All of the data should be given again word for word, though the images are to be left out.

★ ★ ★ ★ ★

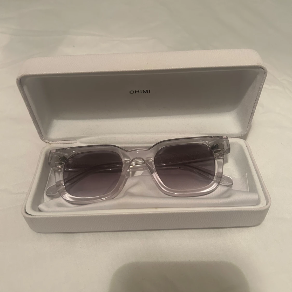 Säljer ett par stilrena glasögon från CHIMI. Kommer med original vit hård förvaringsbox och vit tygpåse med dragsko. Perfekt för dig som gillar minimalistisk design och snygga accessoarer.
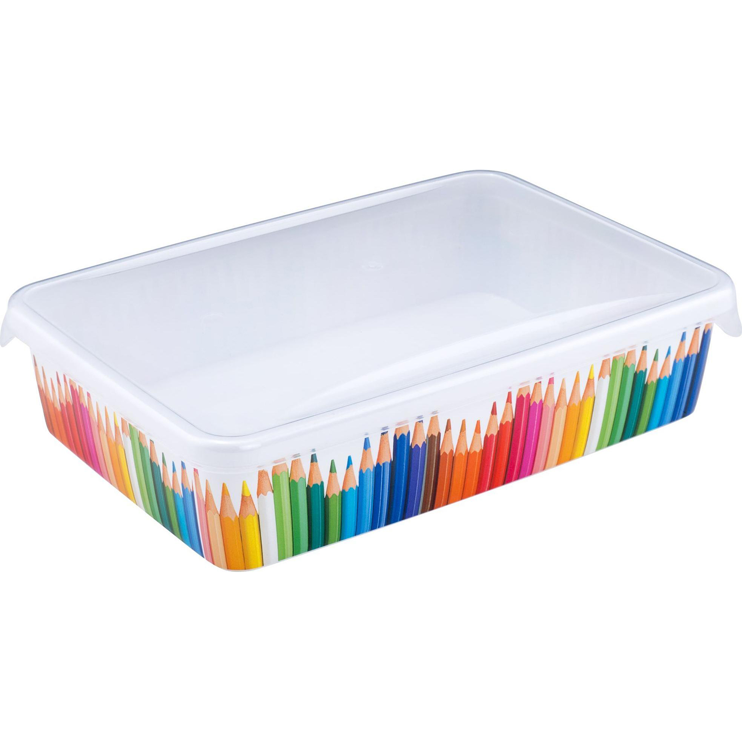 Универсальный лоток Карандашница BranQ - яркий элемент рабочего стола! Предназначен для хранения различных мелочей: ручек, карандашей, ластиков и красок. Размеры лотка с крышкой 22х14х5,2 см. Корпус сделан из невесомого и прочного пластика. Рисунок по периметру корпуса впаян в корпус, его не оторвать и не отклеить.
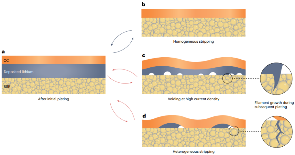 在AF-SSB中,放电阶段锂将从负极侧被剥离,回到正极。若剥离过程不均匀,会在锂层或界面区形成孔洞或空隙,使后续沉积更易集中在空洞边缘,逐步演变为不规则形貌,并导致容量持续衰减。这种“周期性不均匀剥离—孔洞积累—再沉积”的模式被视为无阳极固态电池循环失效的重要机制之一,需要在界面设计与压力控制层面加以应对。
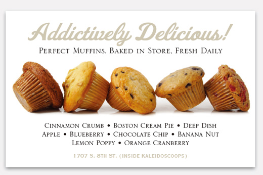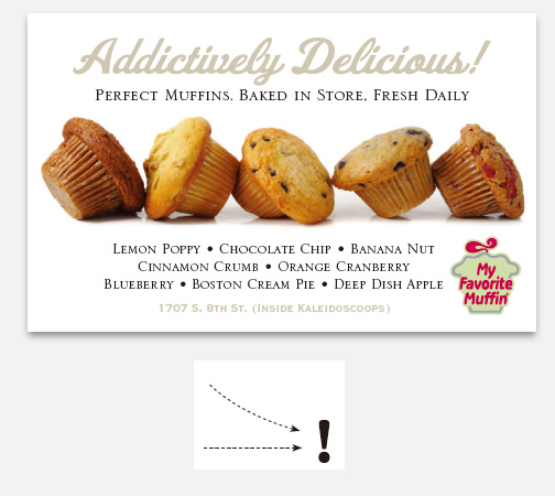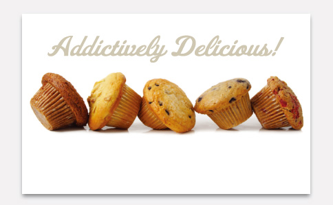 圖片占據版面的1/3高是恰當的,中間的位置也是版面中最有力量的區域,能夠最大程度吸引別人的興趣。留意松餅的陰影及倒影使松屏象放置在名片上,有很強的真實感,一如你那些放在餐臺上的松餅一樣。
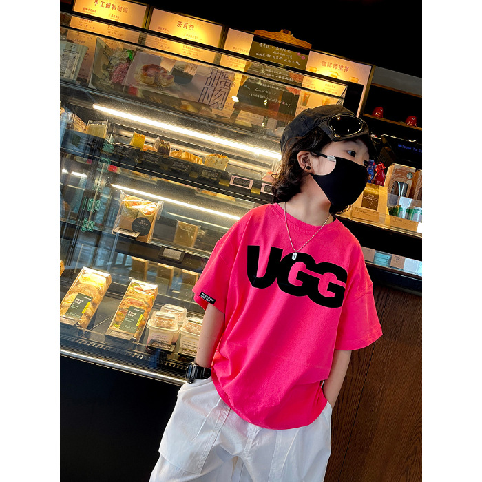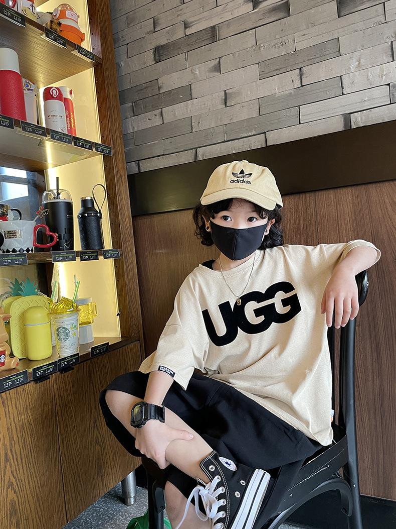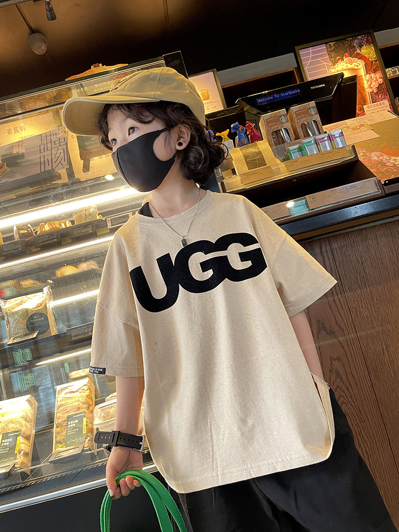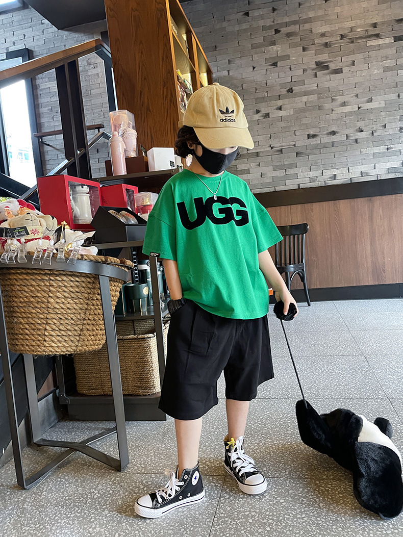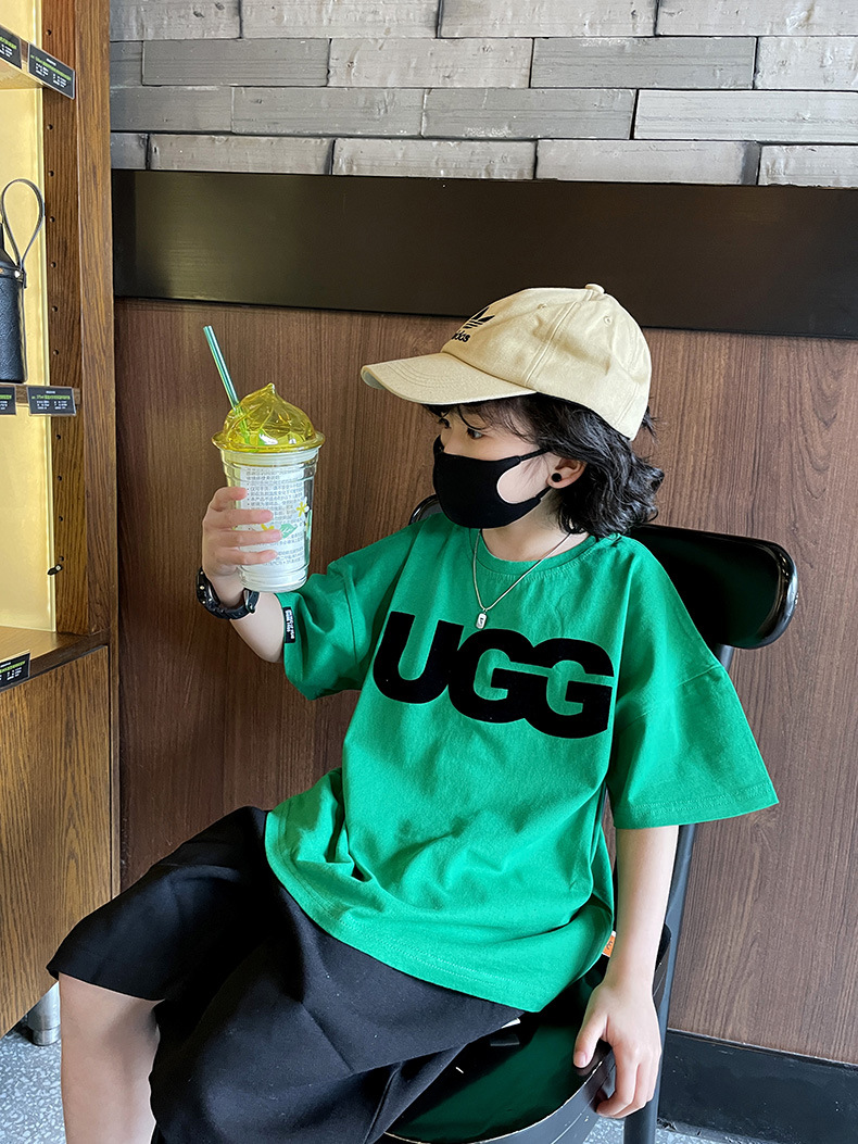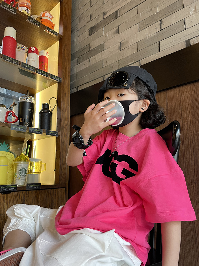 간단한 큰 소년 여름 반팔 티셔츠 220g 한국어 버전 아동면 편지 코트 느슨한 바닥 셔츠스토어 가기
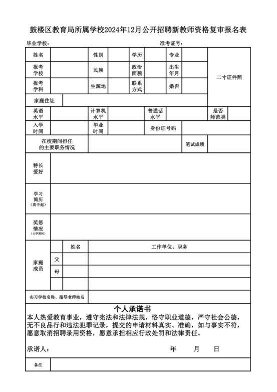 附件2:鼓樓區(qū)教育局所屬學(xué)校2024年12月公開招聘新教師資格復(fù)審報名表.pdf

★ ★ ★ ★ ★

■ **EXERCISE ANSWER**
 Säljer ett par stilrena glasögon från CHIMI. Kommer med original vit hård förvaringsbox och vit tygpåse med dragsko. Perfekt för dig som gillar minimalistisk design och snygga accessoarer.
 Универсальный лоток Карандашница BranQ - яркий элемент рабочего стола! Предназначен для хранения различных мелочей: ручек, карандашей, ластиков и красок. Размеры лотка с крышкой 22х14х5,2 см. Корпус сделан из невесомого и прочного пластика. Рисунок по периметру корпуса впаян в корпус, его не оторвать и не отклеить.
 在AF-SSB中,放电阶段锂将从负极侧被剥离,回到正极。若剥离过程不均匀,会在锂层或界面区形成孔洞或空隙,使后续沉积更易集中在空洞边缘,逐步演变为不规则形貌,并导致容量持续衰减。这种“周期性不均匀剥离—孔洞积累—再沉积”的模式被视为无阳极固态电池循环失效的重要机制之一,需要在界面设计与压力控制层面加以应对。
 圖片占據版面的1/3高是恰當的,中間的位置也是版面中最有力量的區域,能夠最大程度吸引別人的興趣。留意松餅的陰影及倒影使松屏象放置在名片上,有很強的真實感,一如你那些放在餐臺上的松餅一樣。
 간단한 큰 소년 여름 반팔 티셔츠 220g 한국어 버전 아동면 편지 코트 느슨한 바닥 셔츠스토어 가기
 附件2:鼓樓區(qū)教育局所屬學(xué)校2024年12月公開招聘新教師資格復(fù)審報名表.pdf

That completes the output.